__Work request__.
Only one span of the material below is wanted. Output it exactly, from the line with "Denarius van Julia" through the line with "Stella Red Muslin Dress", without any pictures.

__Record excerpts__.
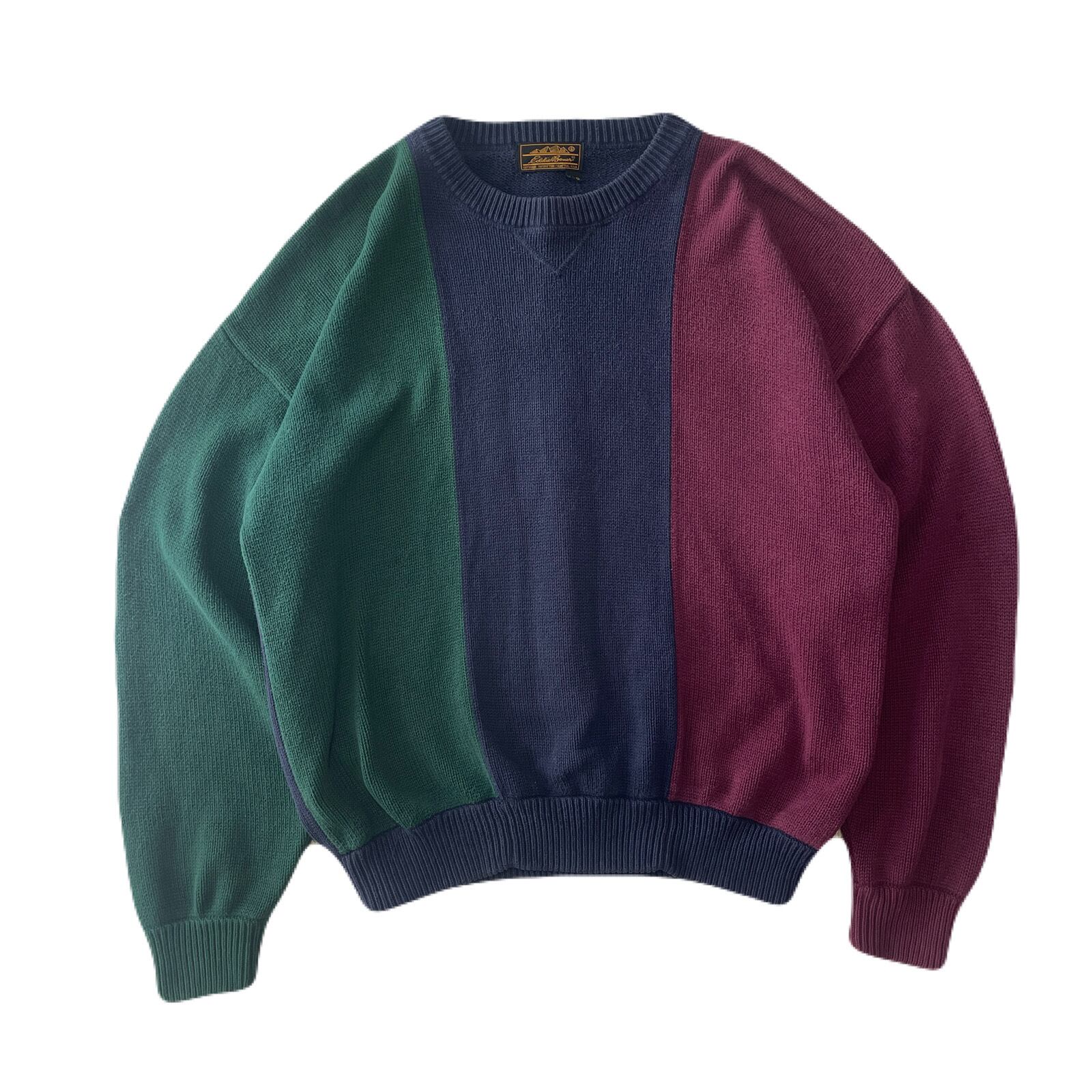 このようなセーターは首のリブなダルダルになっている古着が多いですが、こちらはしっかり締まっているのでオーバーサイズに着てもかっちりしまって見えます!
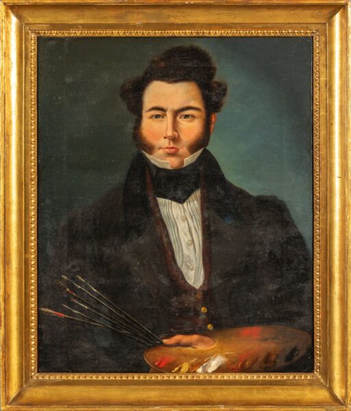 Ritratto del pittore Benedetto Musso, scuola italiana secolo XIX, olio su tela, cornice in legno intagliato e dorato coeva
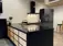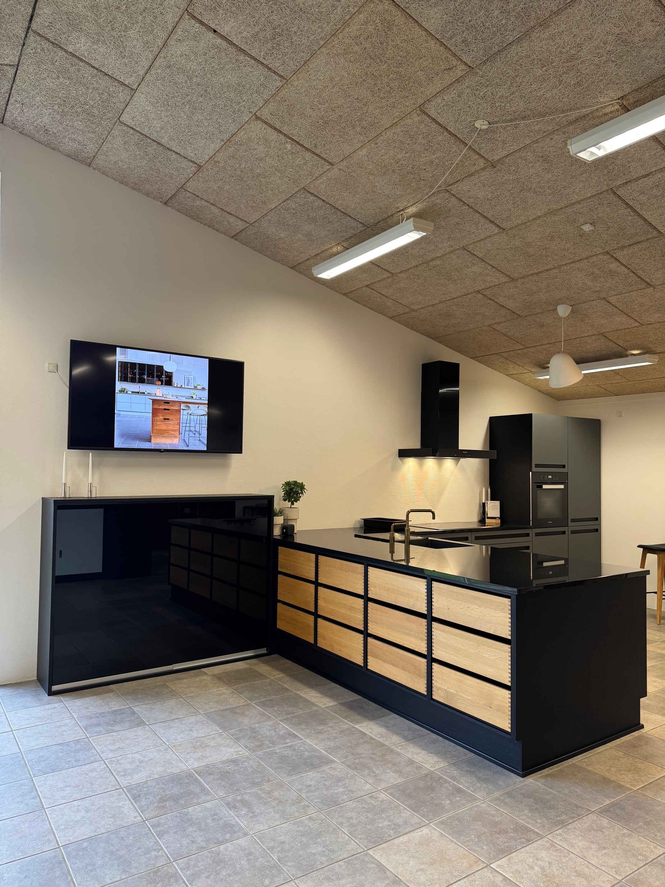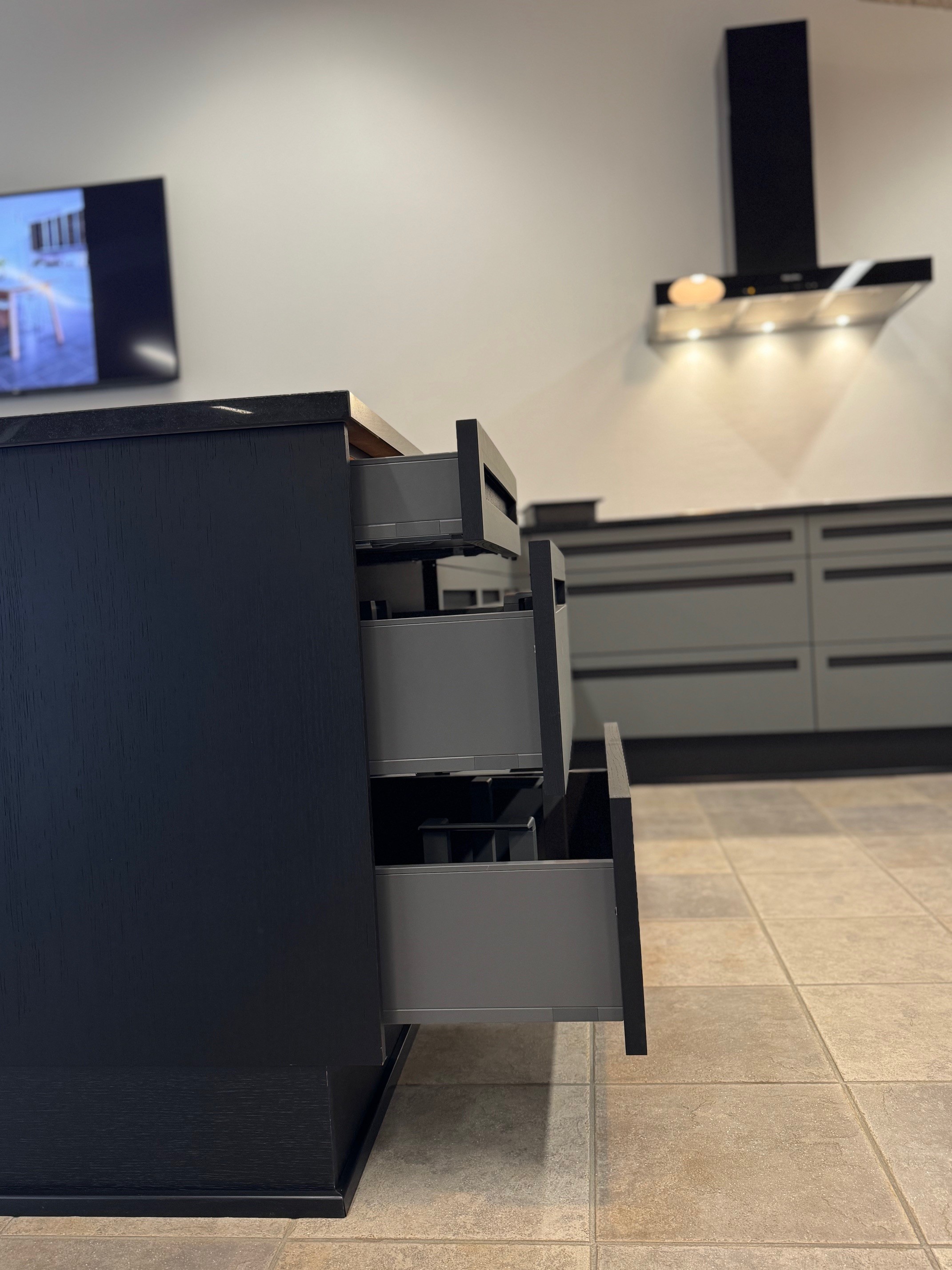 Flot køkken med linoleums fronter, Craft skuffer og naturstensbordplade.
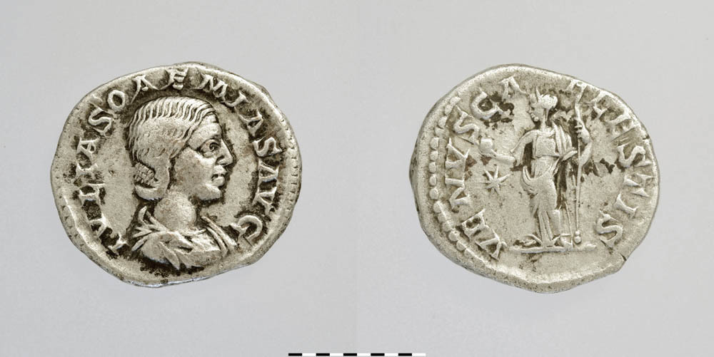 Denarius van Julia Soaemias, munt van zilver uit de ...
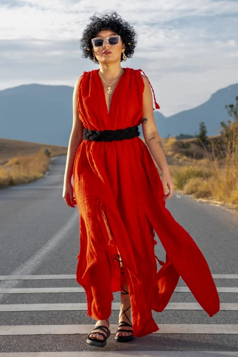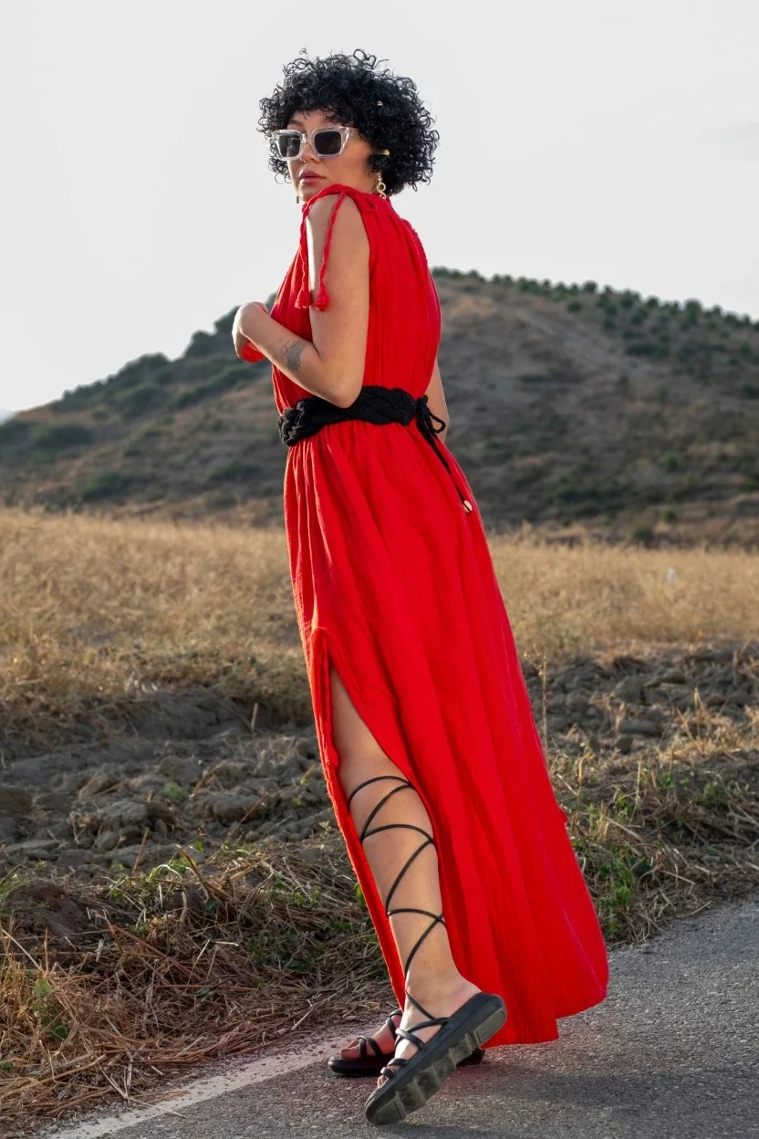 Stella Red Muslin Dress
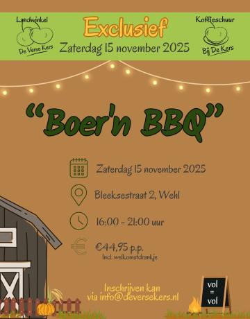 Op zaterdag 15 november organiseert Koffieschuur bij de Kers in Wehl een bijzondere Boer'n BBQ vol warmte, streekproducten en gezelligheid. Vanaf 16.00 uur zijn gasten welkom voor een welkomstdrankje, waarna een avond vol smaak en beleving volgt op het sfeervol aangeklede terras van de boerderij.
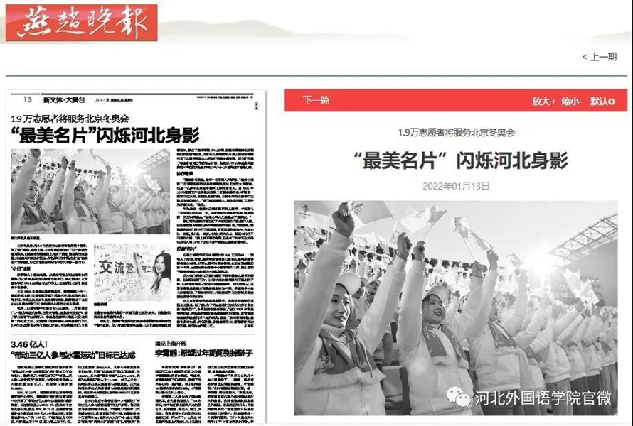 随着2022年北京冬奥会的日益临近,“冬奥会志愿者”这张靓丽的名片倍受关注,河北外国语学院冬奥会志愿者的故事被多家媒体转载报道,河北外国语学院英语专业彭薪樾同学是1.9万志愿者当中的一员,她参加冬奥会志愿者培训时的照片刊登在燕赵晚报,为志愿者代言。
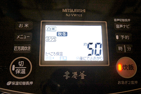 次に「季節炊き」の「秋冬」モードで炊いた。今は夏だが、早稲の新米を購入したので、あえて「秋冬」を選択した。同じように2合を炊いて、炊き上がりまでにかかった時間は50分。

__Response to this task__.
 Denarius van Julia Soaemias, munt van zilver uit de ...
 Stella Red Muslin Dress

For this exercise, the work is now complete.